[[ GIVEN ENTRIES open ]]

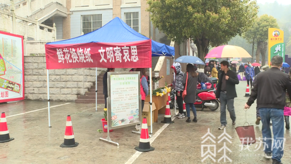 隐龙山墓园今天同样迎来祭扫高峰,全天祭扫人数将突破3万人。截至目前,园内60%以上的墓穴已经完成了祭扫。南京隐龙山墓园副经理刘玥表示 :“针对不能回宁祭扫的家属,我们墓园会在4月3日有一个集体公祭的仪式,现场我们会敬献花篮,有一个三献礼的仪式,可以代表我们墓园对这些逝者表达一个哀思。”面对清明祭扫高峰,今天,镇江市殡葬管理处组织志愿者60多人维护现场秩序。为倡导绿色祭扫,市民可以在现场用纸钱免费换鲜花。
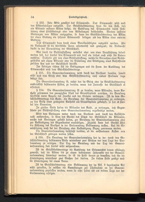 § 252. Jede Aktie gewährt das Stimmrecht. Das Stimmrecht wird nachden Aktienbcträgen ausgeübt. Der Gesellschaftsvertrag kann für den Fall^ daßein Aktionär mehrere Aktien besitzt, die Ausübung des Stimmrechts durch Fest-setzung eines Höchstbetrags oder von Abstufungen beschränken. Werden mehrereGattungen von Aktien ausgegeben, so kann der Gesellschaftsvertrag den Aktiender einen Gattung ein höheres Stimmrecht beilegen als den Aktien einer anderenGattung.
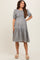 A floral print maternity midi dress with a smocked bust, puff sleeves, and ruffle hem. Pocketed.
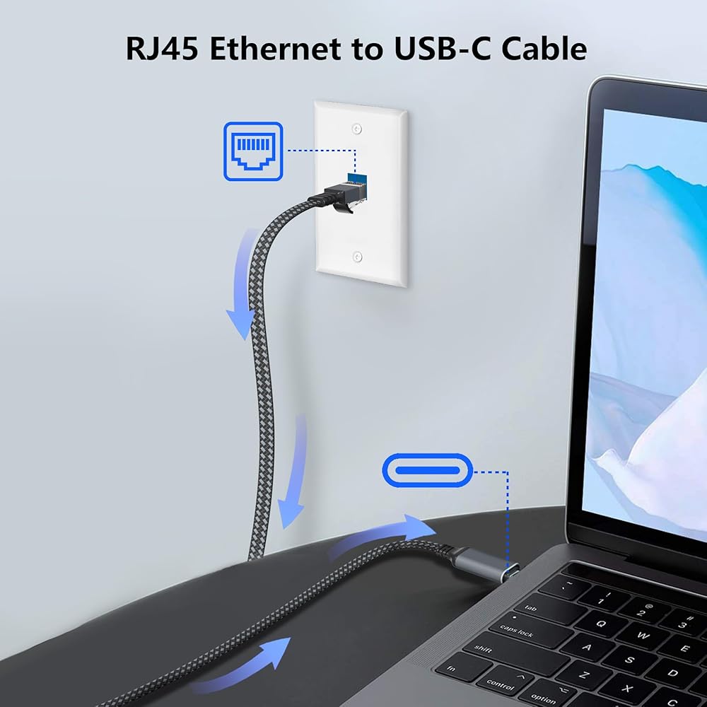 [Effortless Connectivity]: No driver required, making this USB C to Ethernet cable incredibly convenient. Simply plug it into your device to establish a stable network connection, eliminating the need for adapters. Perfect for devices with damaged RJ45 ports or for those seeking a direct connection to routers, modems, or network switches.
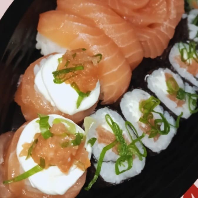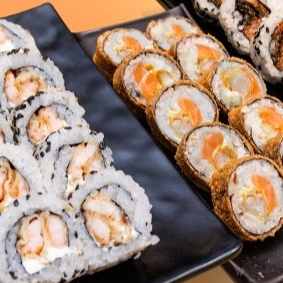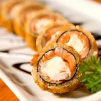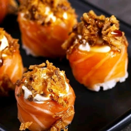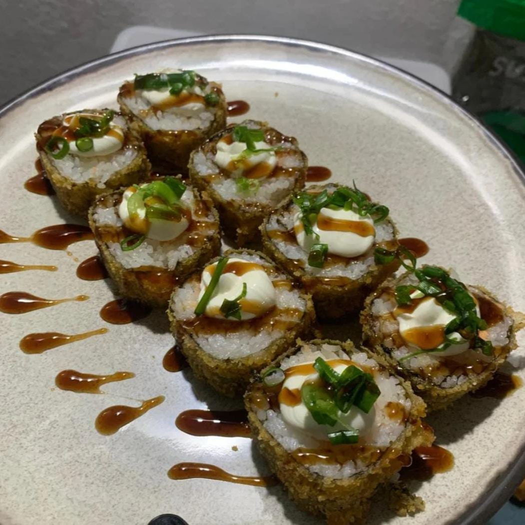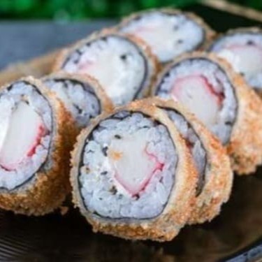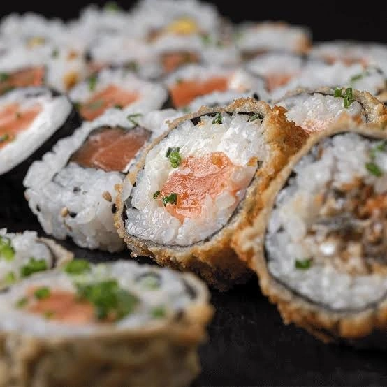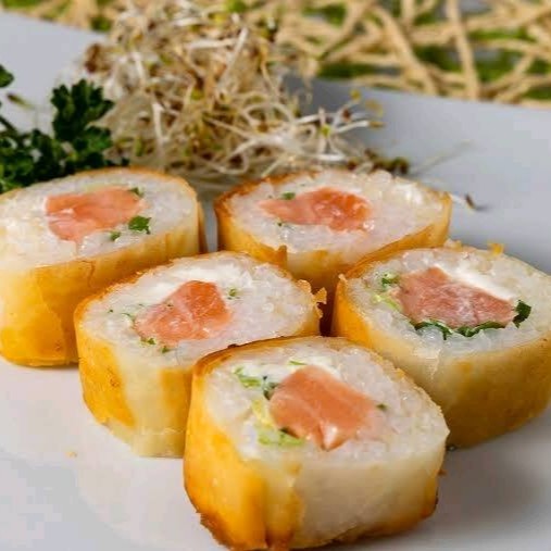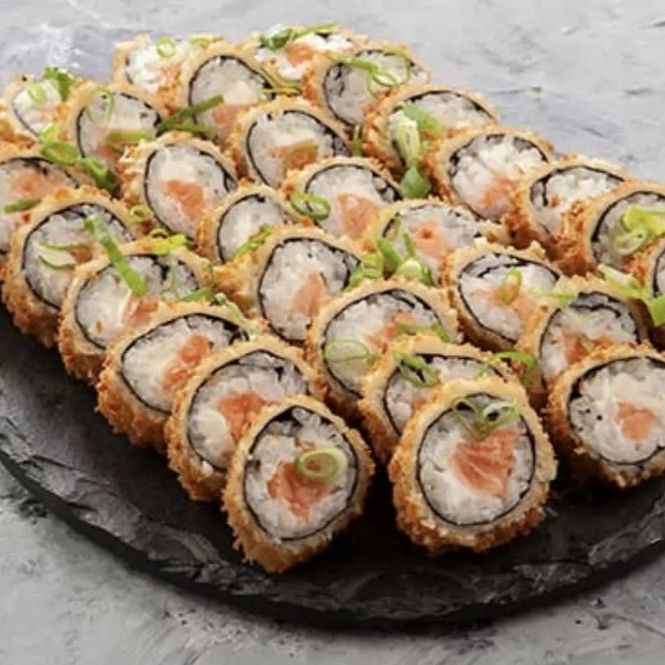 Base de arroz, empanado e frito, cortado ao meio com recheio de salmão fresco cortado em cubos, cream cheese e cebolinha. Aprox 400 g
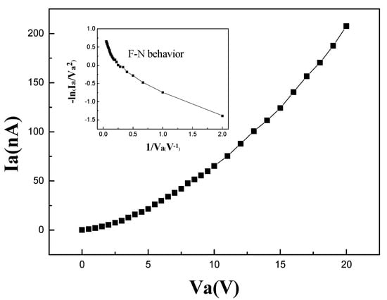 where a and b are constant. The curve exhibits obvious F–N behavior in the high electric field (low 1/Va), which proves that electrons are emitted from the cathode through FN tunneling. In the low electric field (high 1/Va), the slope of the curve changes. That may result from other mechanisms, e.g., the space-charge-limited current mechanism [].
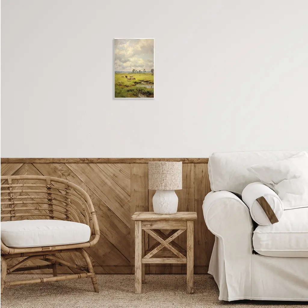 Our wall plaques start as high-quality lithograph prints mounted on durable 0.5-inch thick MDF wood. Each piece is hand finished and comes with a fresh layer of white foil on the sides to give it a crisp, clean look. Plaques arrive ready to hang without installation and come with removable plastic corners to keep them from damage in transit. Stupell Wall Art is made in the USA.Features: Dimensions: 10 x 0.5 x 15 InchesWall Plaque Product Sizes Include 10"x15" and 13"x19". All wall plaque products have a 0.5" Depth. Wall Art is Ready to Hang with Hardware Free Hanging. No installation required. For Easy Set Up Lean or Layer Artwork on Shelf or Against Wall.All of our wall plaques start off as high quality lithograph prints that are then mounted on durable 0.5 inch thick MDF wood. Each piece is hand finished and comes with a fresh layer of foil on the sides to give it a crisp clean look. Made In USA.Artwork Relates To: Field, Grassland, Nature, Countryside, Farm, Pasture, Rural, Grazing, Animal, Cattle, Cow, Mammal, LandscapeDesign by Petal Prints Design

[[ GIVEN ENTRIES closed ]]

[TASK GOAL] All lines from the start of the entries above through the line containing "A floral print" are to be given again exactly; the pictures are not.

[RESULT]
 隐龙山墓园今天同样迎来祭扫高峰,全天祭扫人数将突破3万人。截至目前,园内60%以上的墓穴已经完成了祭扫。南京隐龙山墓园副经理刘玥表示 :“针对不能回宁祭扫的家属,我们墓园会在4月3日有一个集体公祭的仪式,现场我们会敬献花篮,有一个三献礼的仪式,可以代表我们墓园对这些逝者表达一个哀思。”面对清明祭扫高峰,今天,镇江市殡葬管理处组织志愿者60多人维护现场秩序。为倡导绿色祭扫,市民可以在现场用纸钱免费换鲜花。
 § 252. Jede Aktie gewährt das Stimmrecht. Das Stimmrecht wird nachden Aktienbcträgen ausgeübt. Der Gesellschaftsvertrag kann für den Fall^ daßein Aktionär mehrere Aktien besitzt, die Ausübung des Stimmrechts durch Fest-setzung eines Höchstbetrags oder von Abstufungen beschränken. Werden mehrereGattungen von Aktien ausgegeben, so kann der Gesellschaftsvertrag den Aktiender einen Gattung ein höheres Stimmrecht beilegen als den Aktien einer anderenGattung.
 A floral print maternity midi dress with a smocked bust, puff sleeves, and ruffle hem. Pocketed.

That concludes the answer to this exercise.